BRIEF =>
Transcribe only the stretch of lines that opens with the line containing "Carndonagh; County of" and closes with the last line of the listing, skipping pictures.
--- MATERIAL PROVIDED Enclosed Below ---
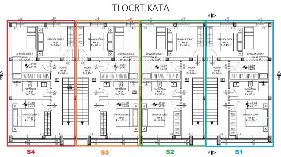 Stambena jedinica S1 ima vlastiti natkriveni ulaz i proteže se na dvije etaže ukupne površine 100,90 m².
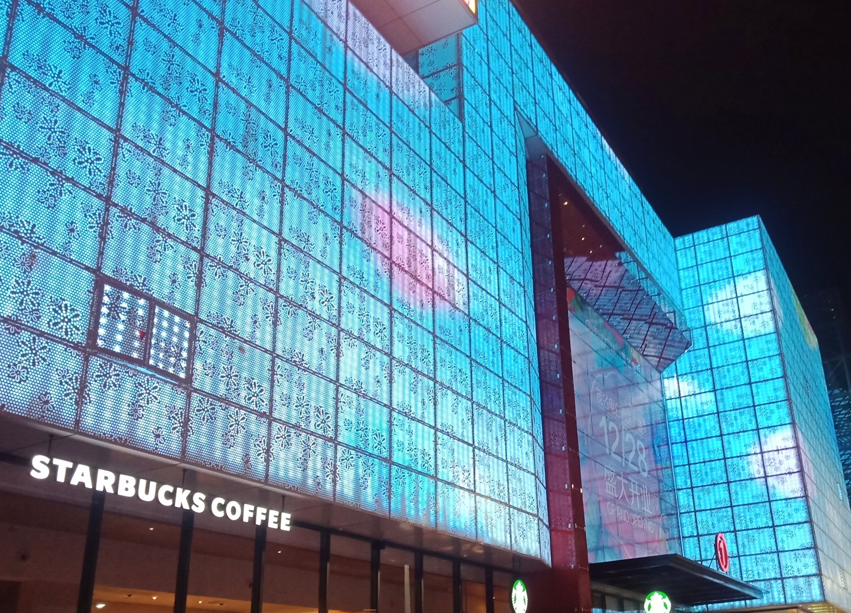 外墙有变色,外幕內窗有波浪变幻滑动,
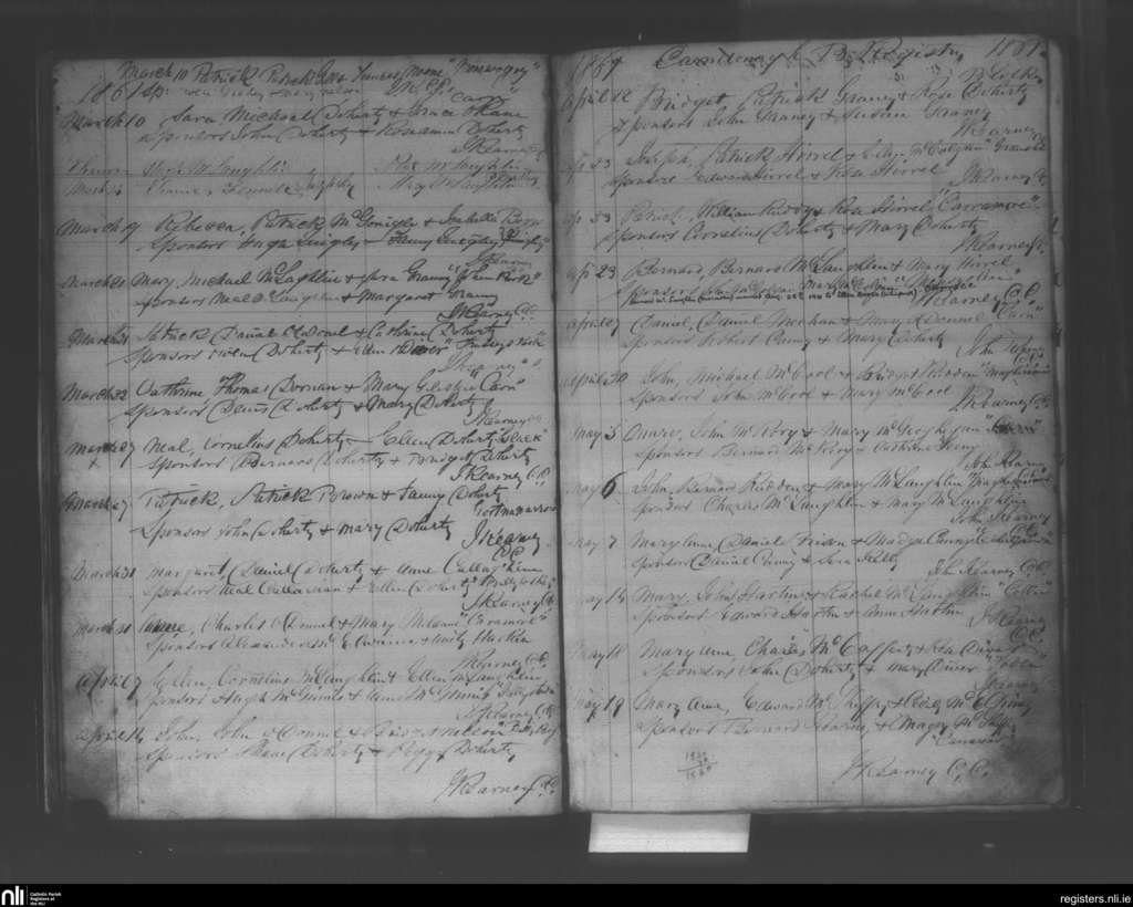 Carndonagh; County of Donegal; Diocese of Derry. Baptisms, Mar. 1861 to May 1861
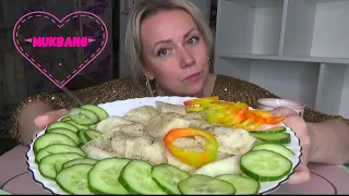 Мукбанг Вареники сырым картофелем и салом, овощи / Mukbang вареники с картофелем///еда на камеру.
--- End of Enclosed MATERIAL PROVIDED ---
TASK RESPONSE =>
 Carndonagh; County of Donegal; Diocese of Derry. Baptisms, Mar. 1861 to May 1861
 Мукбанг Вареники сырым картофелем и салом, овощи / Mukbang вареники с картофелем///еда на камеру.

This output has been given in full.